Generator sets, commonly known simply as generators, use a gasoline, LPG, natural gas or diesel engine to spin a generator head to produce AC current at 120 and/or 220V.
Small 3600RPM Gen Sets
Inverter Based Generators
Small gen sets in the 2000 to 7500 watt range usually run at 3600RPM and are powered by single cylinder air cooled engines. Most of course are powered by gasoline engines, but some single cylinder air cooled 3600RPM diesel gen sets are also available with about 4000 to 6500 watt output ratings. The main reason that all small generators run at 3600RPM is that they are cheaper, smaller and lighter compared to 1800RPM generators. Up at 3600RPM gasoline engines can run in late compression ignition mode where efficiency is higher and exhaust emissions are lower. For diesel engines 3600RPM means somewhat lower efficiency and higher exhaust emissions but the higher speed diesel engines and generator heads are still considerably cheaper, smaller and lighter than 1800RPM units. Gasoline engine powered 1800RPM gen sets always run in full flame front travel mode. Because full flame front travel combustion is so extremely ineficient and dirty these 1800RPM units are usually used for backup purposes and nearly always are run on cleaner burning LPG or natural gas.

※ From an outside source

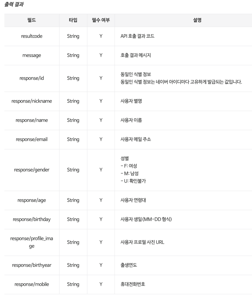 - 클라이언트는 발급받은 액세스 토큰을 사용하여 네이버의 리소스 서버에 사용자의 정보를 요청합니다.

Some of the 3600RPM gasoline powered gen sets can attain overall efficiency of about 280g/hphr with permanent magnet generator heads running under a 50% load. Many of the small gen sets however attain overall efficiencies in the 450 to 600g/hphr rage at half load with field winding type generator heads (for more on the difference between permanent magnets and electromagnets see Electric Motors and Generators). A very popular efficiency rating for small gen sets is about 370 to 400g/hphr, which is probably attained by using a combination of permanent magnets and field windings. Obviously the field winding type generator heads suck down a whole lot more fuel, but the permanent magnet generator sets are not doing very well under a 50% load either. Some of the gen sets with permanent magnet generator heads can do a bit better at about 250g/hphr under a full load. If the permanent magnet generator head is assumed to be 90% efficient under a full load then this works out to an engine efficiency of 225g/hphr, which is about as good as gasoline engines are ever known to do. The gen sets that can do this well are typically powered by carbureted 400 to 450cc single cylinder engines with an oversquare configuration resulting in a two and a half to three inch stroke.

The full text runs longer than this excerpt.